LINCOLN — No information about Nebraska voters was shared with a commission formed by President Donald Trump to investigate claims that millions of illegal votes were cast in the 2016 election before the president disbanded the panel on Wednesday, the Nebraska Secretary of State's Office said.

Led by Kansas Secretary of State Kris Kobach, the bipartisan Presidential Commission on Election Integrity met only twice before its work was bogged down in a series of lawsuits from states across the country.

Trump signed an executive order Wednesday asking the Department of Homeland Security to review the commission's findings, essentially dissolving the panel, before casting blame onto his political opponents through Twitter.

"Many mostly Democrat States refused to hand over data from the 2016 Election to the Commission On Voter Fraud. They fought hard that the Commission not to see their records or methods because they know that many people are voting illegally. System is rigged, must go to Voter I.D.," Trump tweeted.
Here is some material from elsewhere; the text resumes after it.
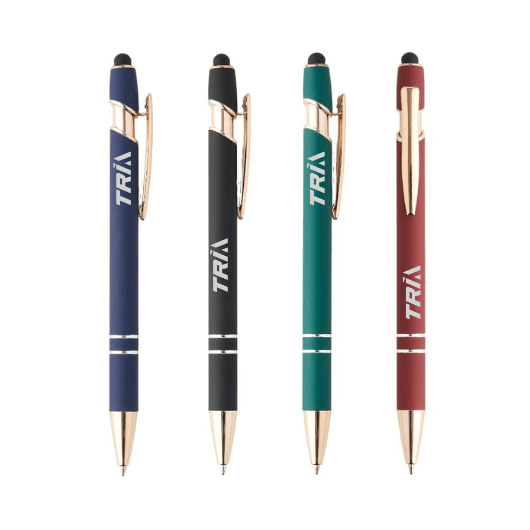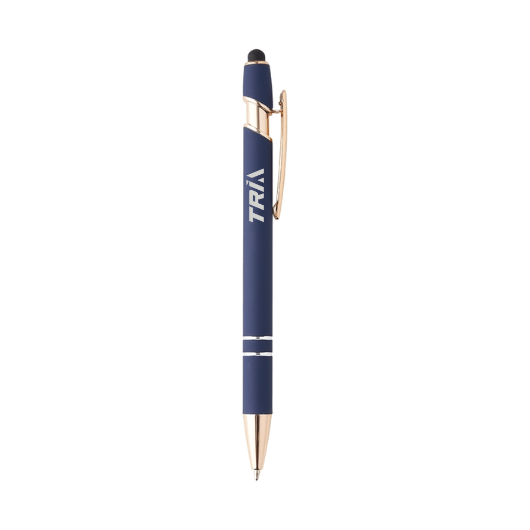 Descrição: Caneta metálica touchscreen com acabamento similar à borracha, acionamento por clique e carga esferográfica azul 1.0mm.

In July 2016, Nebraska Secretary of State John Gale -- a Republican -- said he planned to comply with the request if the commission could offer assurances that data turned over as part of the request would be stored and used in compliance with Nebraska state law.

Most states had issued full or partial denials to the commission's request, which including obtaining voters' names, addresses, birth dates, political party registration and voter history, while also seeking more clarification about how the information would be used.
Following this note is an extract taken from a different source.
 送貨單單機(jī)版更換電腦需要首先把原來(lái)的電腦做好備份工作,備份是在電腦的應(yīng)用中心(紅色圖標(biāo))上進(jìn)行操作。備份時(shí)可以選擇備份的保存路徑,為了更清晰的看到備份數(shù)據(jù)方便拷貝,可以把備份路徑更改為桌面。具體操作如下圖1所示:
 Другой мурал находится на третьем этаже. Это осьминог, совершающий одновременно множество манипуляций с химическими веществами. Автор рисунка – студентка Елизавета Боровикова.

Much of that information is public record in Nebraska, Gale said last summer, but a request for the Social Security numbers of Nebraskans was not, and would not have been included in the request.

Gale told The Associated Press in September he still had not received the assurances he sought from the commission after its work had been put on hold following several lawsuits from states and civil rights organizations. Gale also sought information on the status of those lawsuits.

On Thursday, a spokeswoman from the Secretary of State's Office said no voter information had been released before the commission disbanded.